화학공학소재연구정보센터
Energy & Fuels, Vol.25, No.12, 5584-5593, 2011
An Experimental Comparison of the Sooting Behavior of Synthetic Jet Fuels
An experimental study is conducted for the laminar, atmospheric pressure, sooting, coflow diffusion flames of prevaporized Jet A-1 and four synthetic jet fuels to compare their sooting characteristics and flame structures. Soot volume fraction, species concentration, and temperature profiles are measured, using the laser extinction measurement method, gas chromatography, and fine wire thermocouples, respectively. To evaluate the sooting tendency of the fuels, their smoke point heights are measured using the ASTM D1322 method and compared. The synthetic jet fuels under investigation are ( I) Fully SyntheticJet Fuel (FSJF), which is a coal-to-liquids (CtL) kerosene plus some coal tar derived material from Sasol, (2) Fischer-Tropsch Synthetic Paraffinic Kerosene (FT-SPK), which is a gas-to-liquids (GtL) product from Shell, (3) SPK plus naphthenic cut (50% by volume), and (4) SPK plus hexanol (20% by volume).
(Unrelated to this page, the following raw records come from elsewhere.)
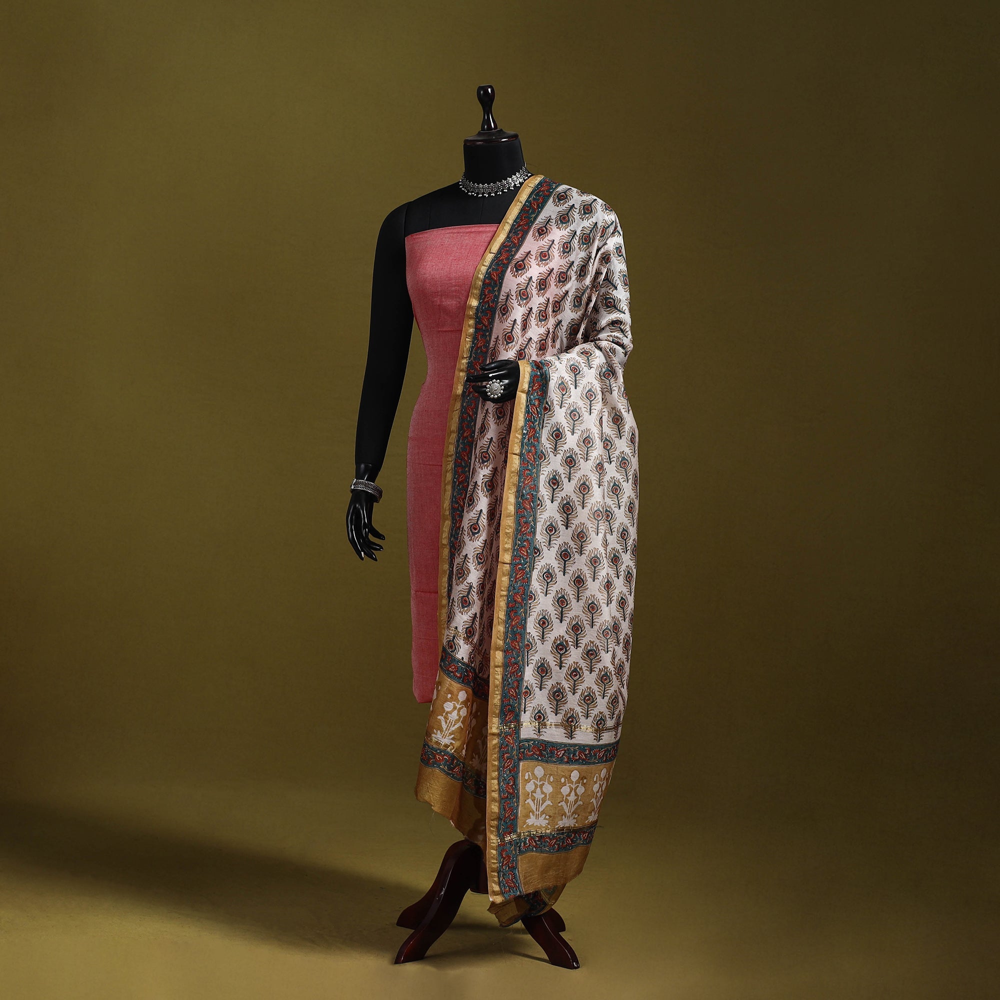 Multicolor - Chanderi Silk Block Print Sanganeri Suit Set with Dupatta for women 09
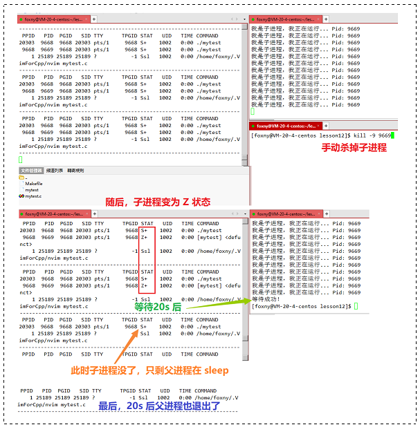 💡 说明:简单来说,就是让父子进程都跑起来,并各自打印消息,子进程一直死循环运行,父进程将自己休眠 20 秒,在这 20 秒之内我们手动把处于死循环的子进程给 kill 掉,此时子进程会处于 Z 状态,此时父进程还在休眠不会立即调用 wait(这么做是为了便于观察)。
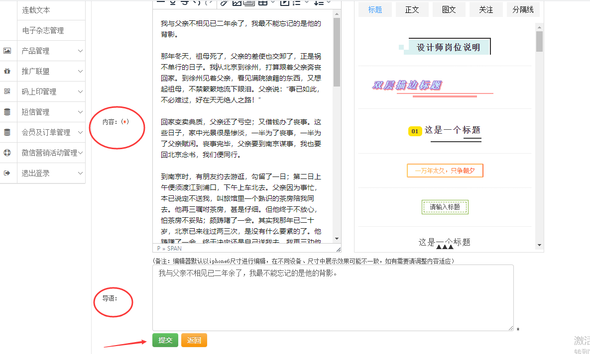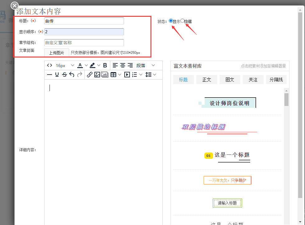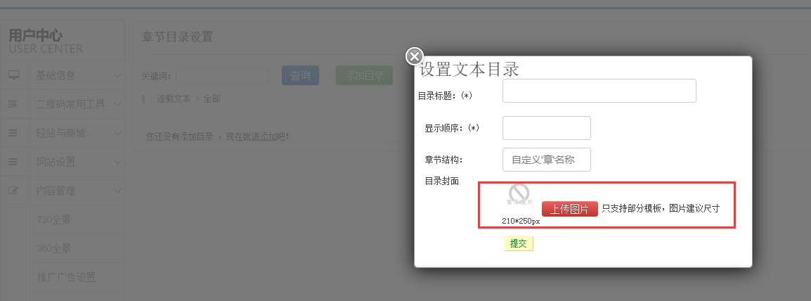 将相应的文本目录内容填写提交好之后可以点击添加内容,文章封面图片格式为JPG/PNG,推荐尺寸为210*250px如下图所示:
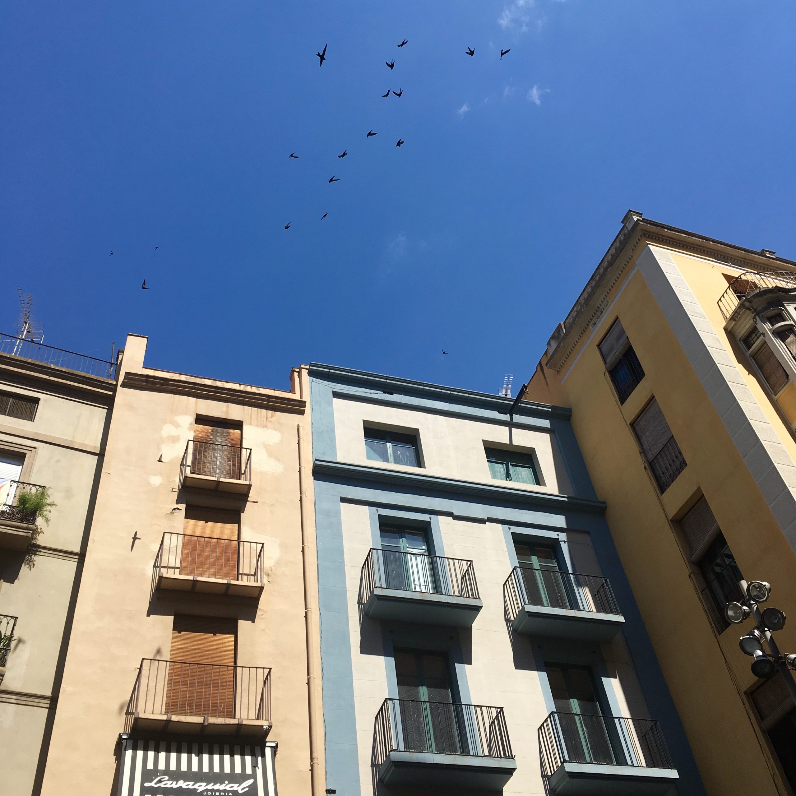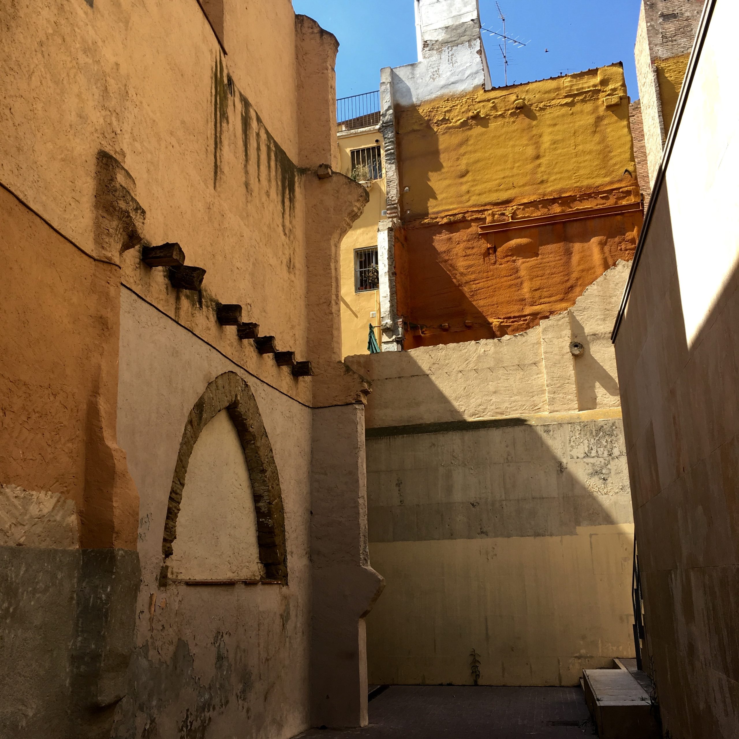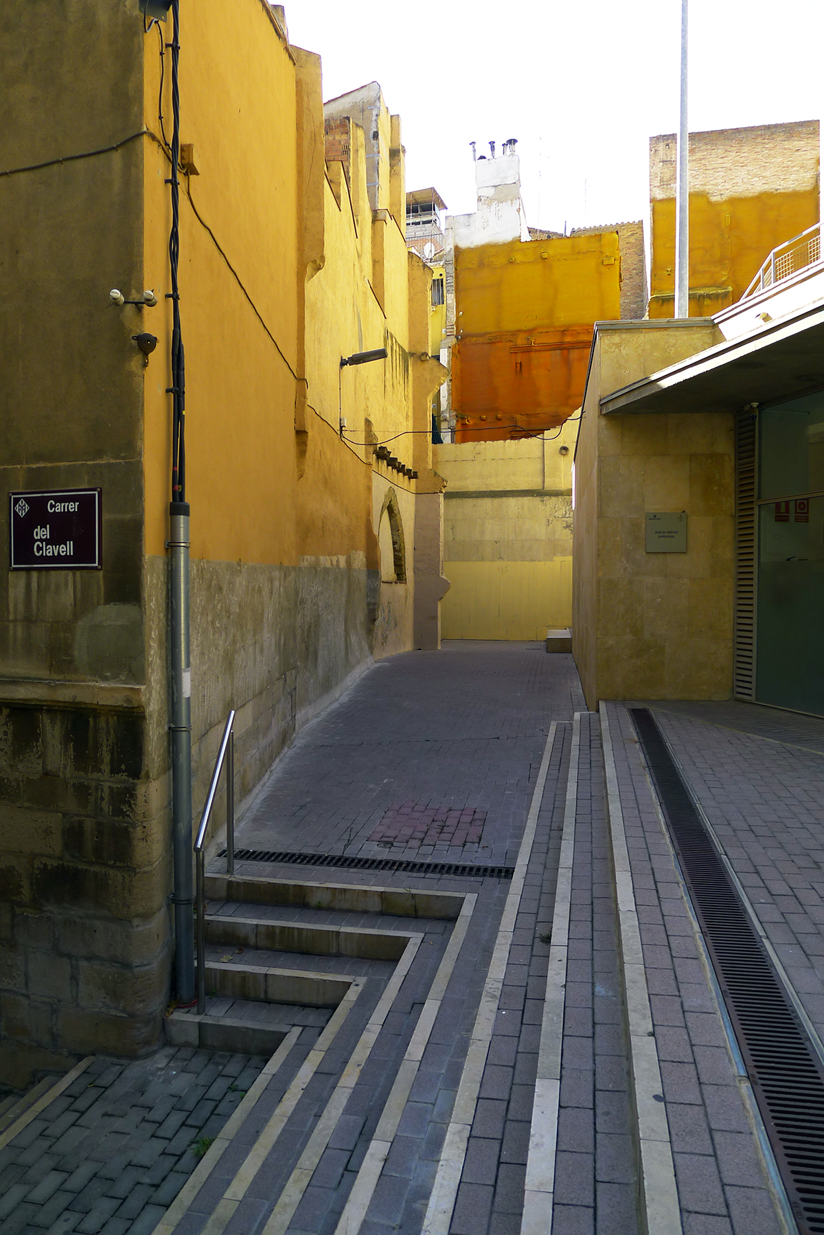 La fachada posterior, aparentemente ciega y orientada hacia la colina de la Seu Vella, nos muestra la superposición de estratos desde la edad media, con un arco ojival ahora tapiado, hasta la actualidad.
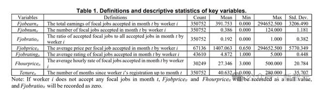 为了确保被处理组和控制组的工人可比,作者还使用了倾向得分匹配(PSM)方法,通过考虑工作者的经验、接受的核心工作总数、工资(即核心工作的平均价格和小时费率)以及工作质量(即核心工作的平均评分)来改善样本平衡。

The threshold sooting index (TSI) of the proposed surrogate mixtures for the fuels are calculated and compared to the TSI of the real fuels to evaluate the performance of the surrogates in predicting the sooting behavior of the actual fuels. The surrogate mixtures underpredict the sooting tendency of the Jet A-1, FSJF, and SPK + naphthenic cut, although they correctly capture the trend. It is shown that the soot concentration and the TSI values are strongly dependent on the aromatic content of the fuels. Fuels with the largest soot concentrations and sooting indexes, in decreasing order, are Jet A-1, FSJF, SPK + naphthenic cut, FT-SPK, and SPK + hexanol. There are minor differences between the species concentration and temperature profiles of the heavily sooting flames (Jet A-1, FSJF, and SPK + naphthenic cut) and the lightly sooting flames (FT-SPK and SPK + hexanol), caused by the lower contribution of aromatics to the formation of light aliphatic species and the higher radiative heat transfer by soot particles in the heavily sooting flames. It is demonstrated that the soot levels in flames are proportional to benzene concentrations but not to acetylene levels. Thus, only aromatic-based inception models can capture the differences in soot formation for jet fuels.